> [About this task] What is needed is an exact copy of the lines from the start of the records below through the line with "Phạm Hương cũng", without the pictures.

══ Supplied records ══

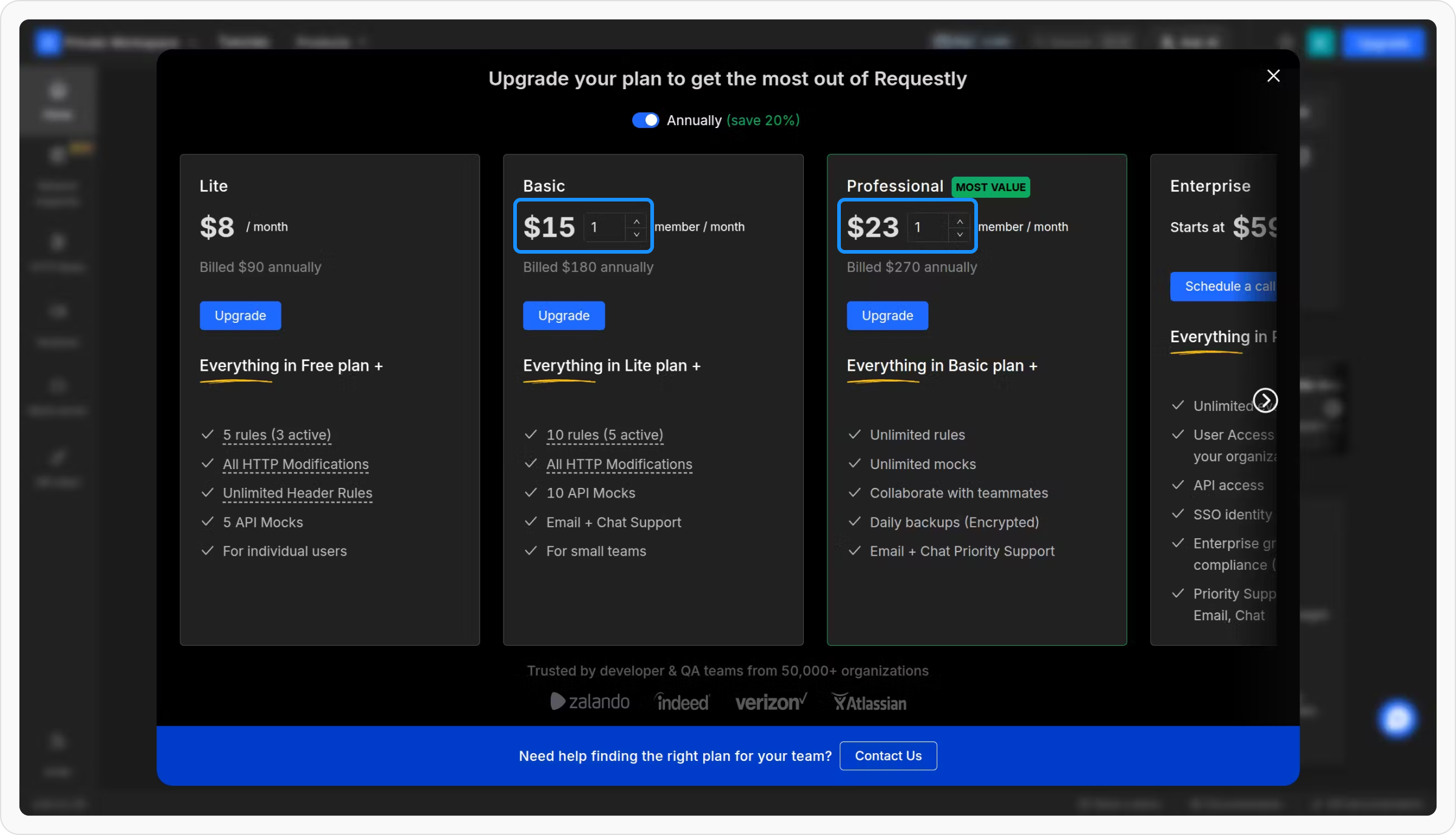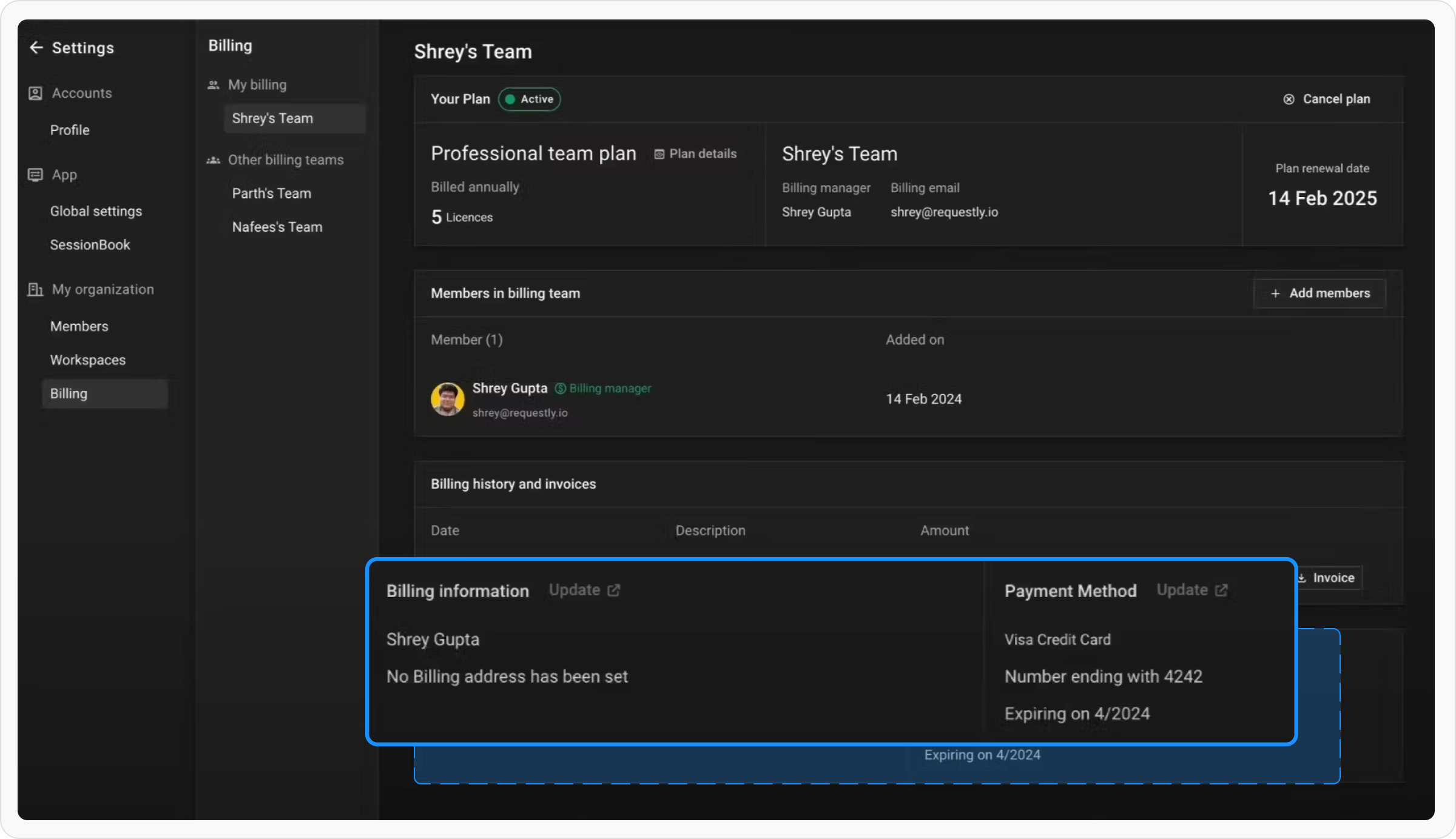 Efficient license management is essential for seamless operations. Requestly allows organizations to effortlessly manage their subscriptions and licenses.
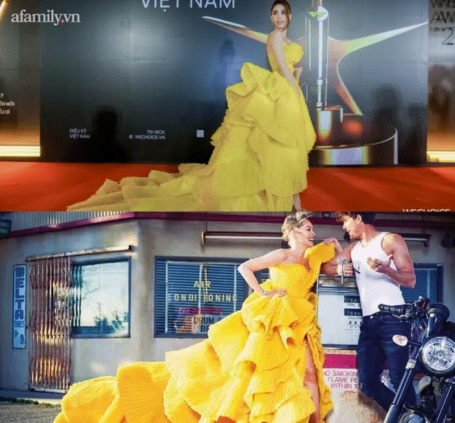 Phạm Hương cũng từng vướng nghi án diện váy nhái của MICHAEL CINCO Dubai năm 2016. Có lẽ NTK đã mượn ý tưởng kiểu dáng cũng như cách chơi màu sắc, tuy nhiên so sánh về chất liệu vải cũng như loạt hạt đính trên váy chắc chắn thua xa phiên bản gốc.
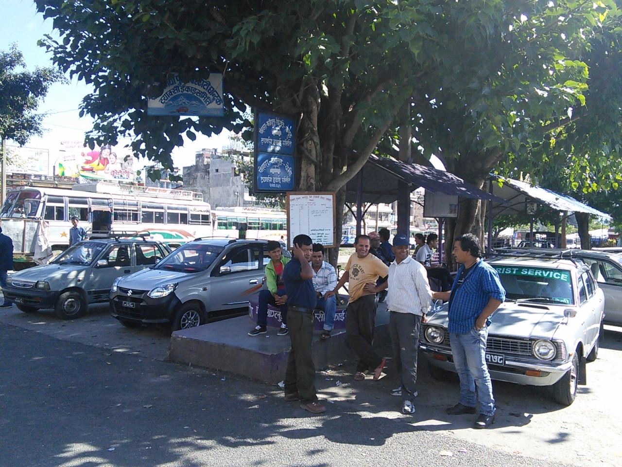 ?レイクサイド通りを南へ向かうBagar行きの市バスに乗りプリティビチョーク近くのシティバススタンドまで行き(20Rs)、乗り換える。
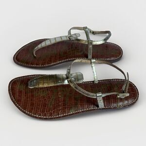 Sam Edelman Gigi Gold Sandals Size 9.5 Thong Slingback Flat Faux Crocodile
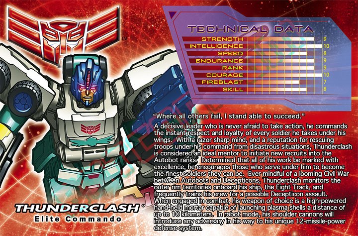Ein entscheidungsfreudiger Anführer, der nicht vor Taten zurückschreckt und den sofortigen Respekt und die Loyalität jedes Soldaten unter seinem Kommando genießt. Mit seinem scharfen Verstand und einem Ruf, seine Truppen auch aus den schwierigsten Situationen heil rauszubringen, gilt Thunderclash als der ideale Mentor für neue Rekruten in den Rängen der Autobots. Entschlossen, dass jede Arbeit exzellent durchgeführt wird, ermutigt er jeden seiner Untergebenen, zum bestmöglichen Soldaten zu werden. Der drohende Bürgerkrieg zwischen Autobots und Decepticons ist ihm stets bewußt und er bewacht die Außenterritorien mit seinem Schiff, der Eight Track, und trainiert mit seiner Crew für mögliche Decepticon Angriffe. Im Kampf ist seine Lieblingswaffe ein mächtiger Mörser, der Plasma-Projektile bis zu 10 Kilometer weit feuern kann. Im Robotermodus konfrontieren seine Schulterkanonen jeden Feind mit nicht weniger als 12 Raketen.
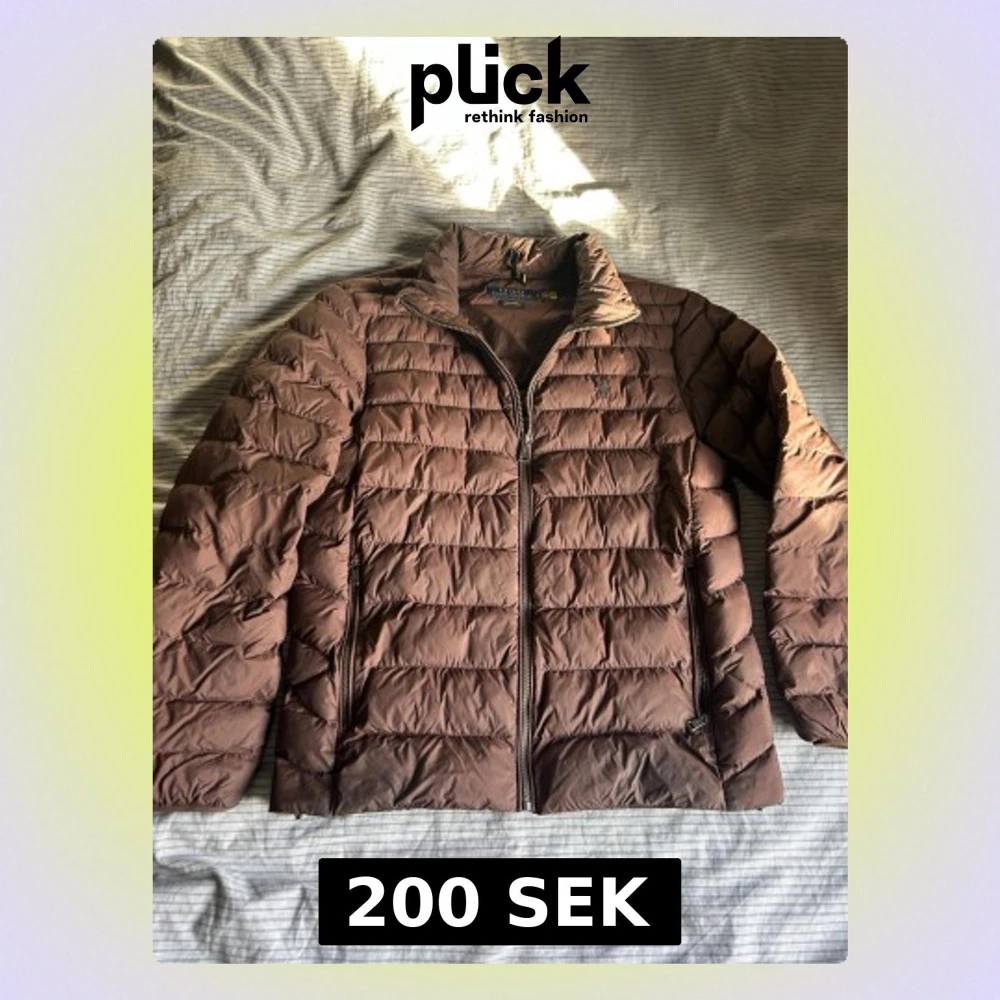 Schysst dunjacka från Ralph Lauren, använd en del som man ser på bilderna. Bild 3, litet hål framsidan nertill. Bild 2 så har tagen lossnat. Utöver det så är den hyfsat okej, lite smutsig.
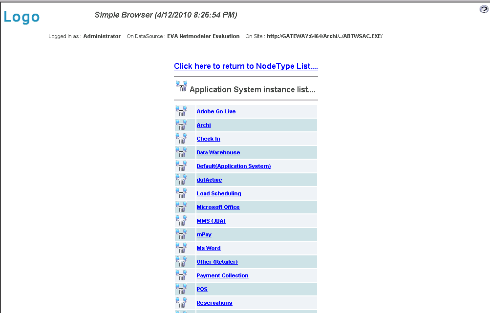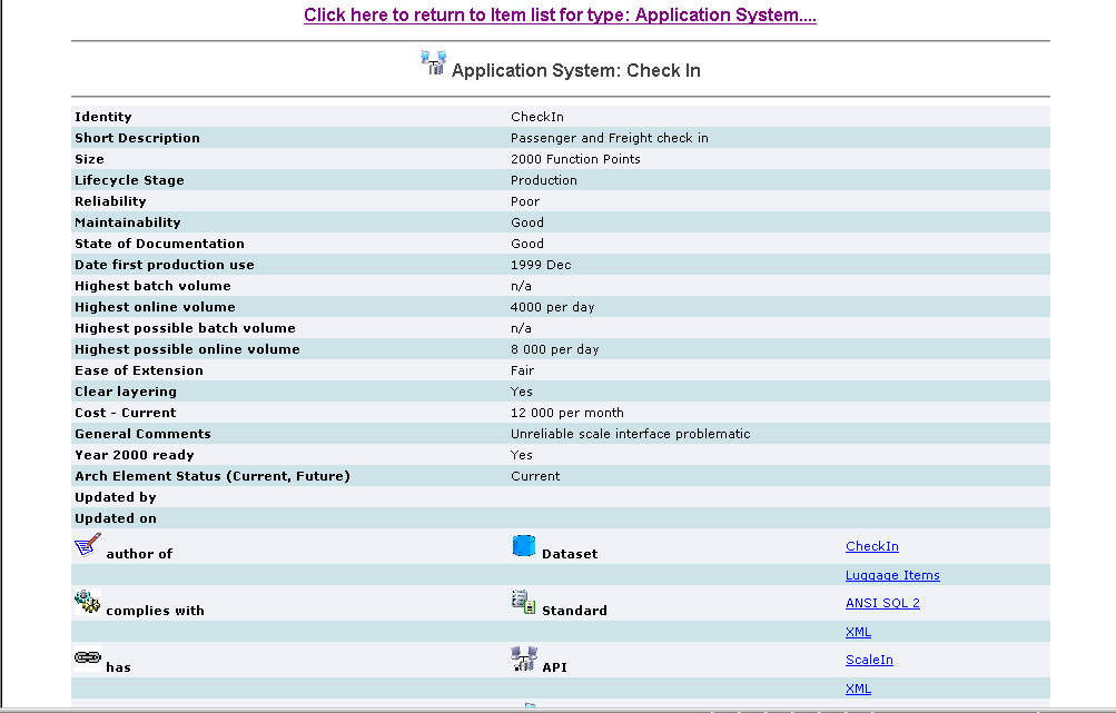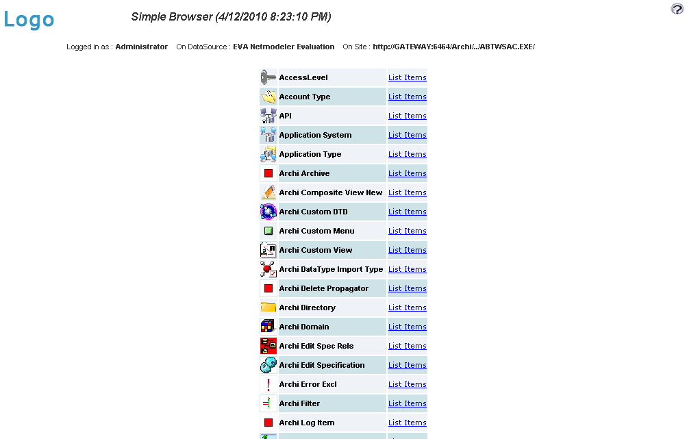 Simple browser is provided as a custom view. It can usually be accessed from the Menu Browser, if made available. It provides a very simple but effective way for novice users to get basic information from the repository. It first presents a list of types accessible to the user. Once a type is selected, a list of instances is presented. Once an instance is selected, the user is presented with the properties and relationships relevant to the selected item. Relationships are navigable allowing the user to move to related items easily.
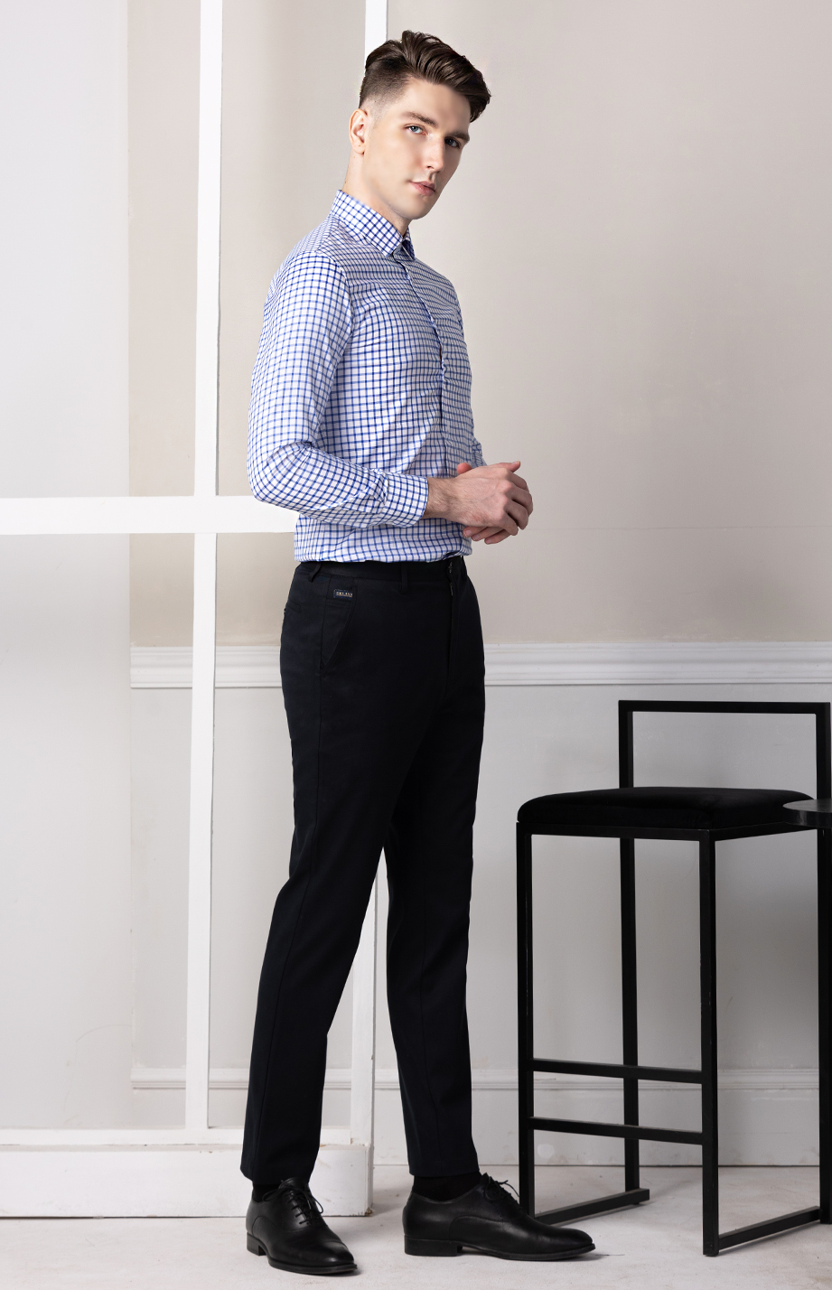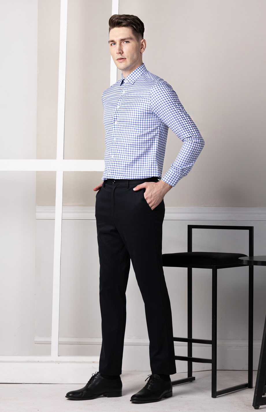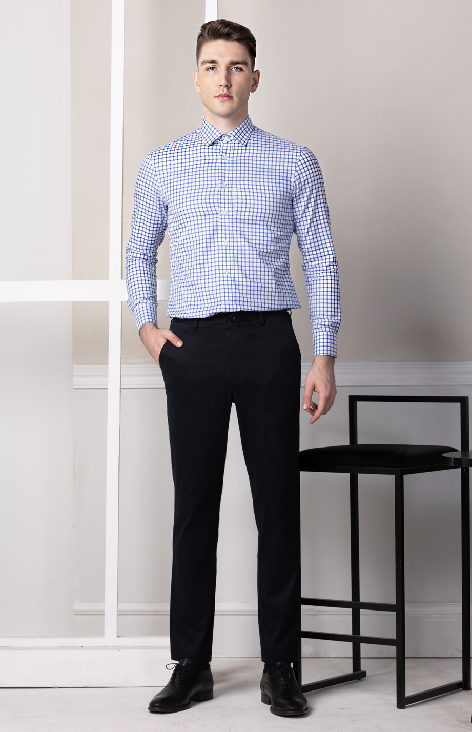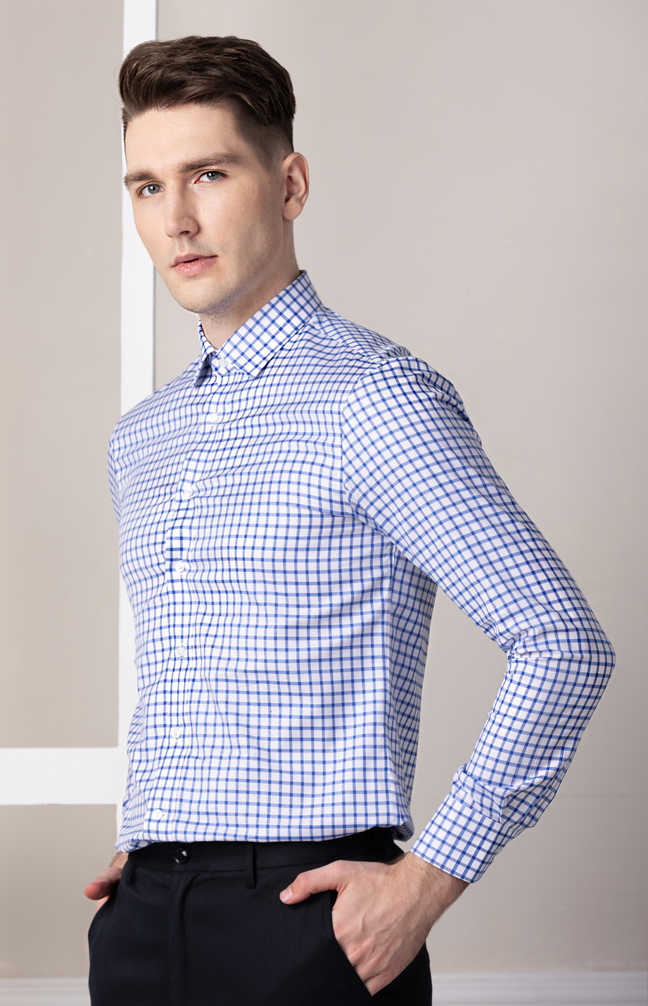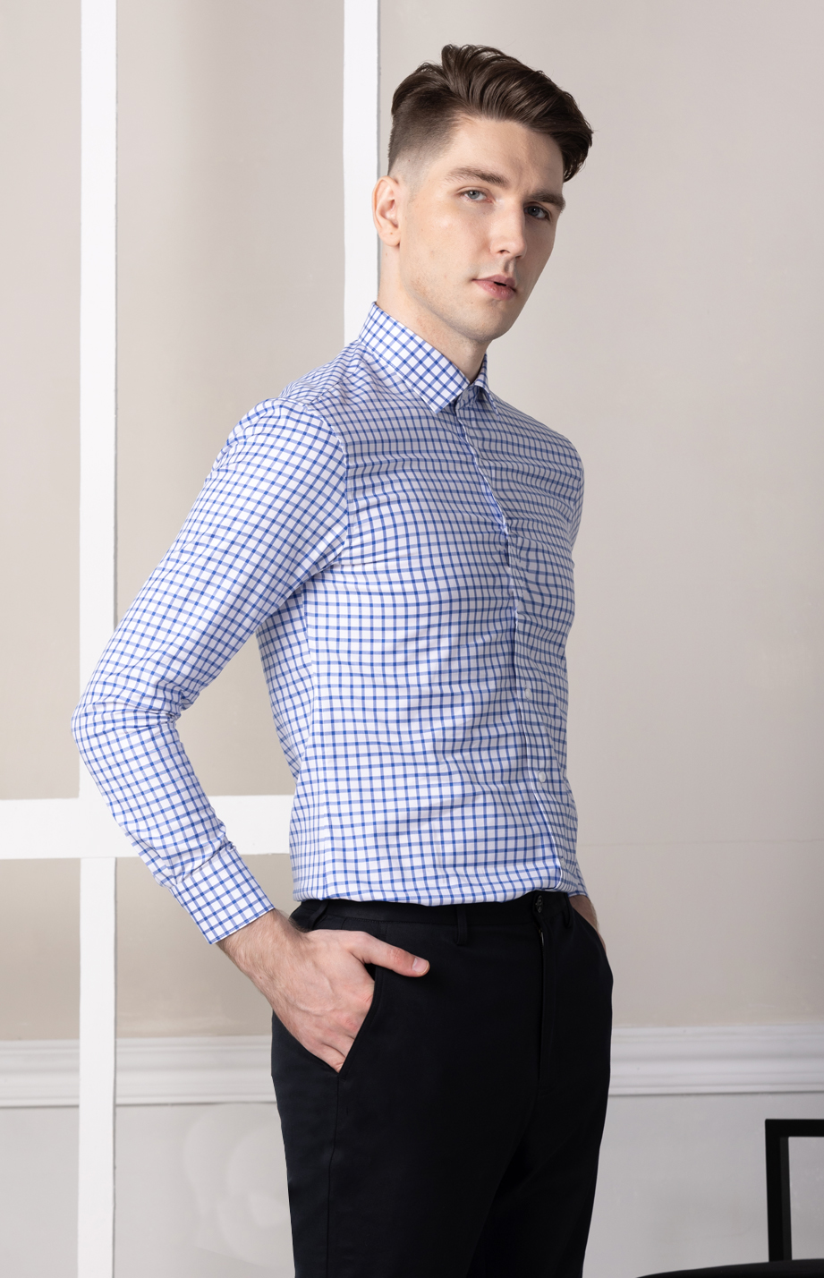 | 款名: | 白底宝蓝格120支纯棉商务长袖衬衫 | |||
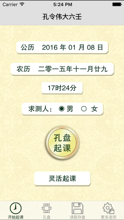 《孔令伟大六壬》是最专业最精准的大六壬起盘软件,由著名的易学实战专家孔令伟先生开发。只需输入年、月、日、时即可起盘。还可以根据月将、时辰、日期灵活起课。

═══

> [Result]
 Efficient license management is essential for seamless operations. Requestly allows organizations to effortlessly manage their subscriptions and licenses.
 Phạm Hương cũng từng vướng nghi án diện váy nhái của MICHAEL CINCO Dubai năm 2016. Có lẽ NTK đã mượn ý tưởng kiểu dáng cũng như cách chơi màu sắc, tuy nhiên so sánh về chất liệu vải cũng như loạt hạt đính trên váy chắc chắn thua xa phiên bản gốc.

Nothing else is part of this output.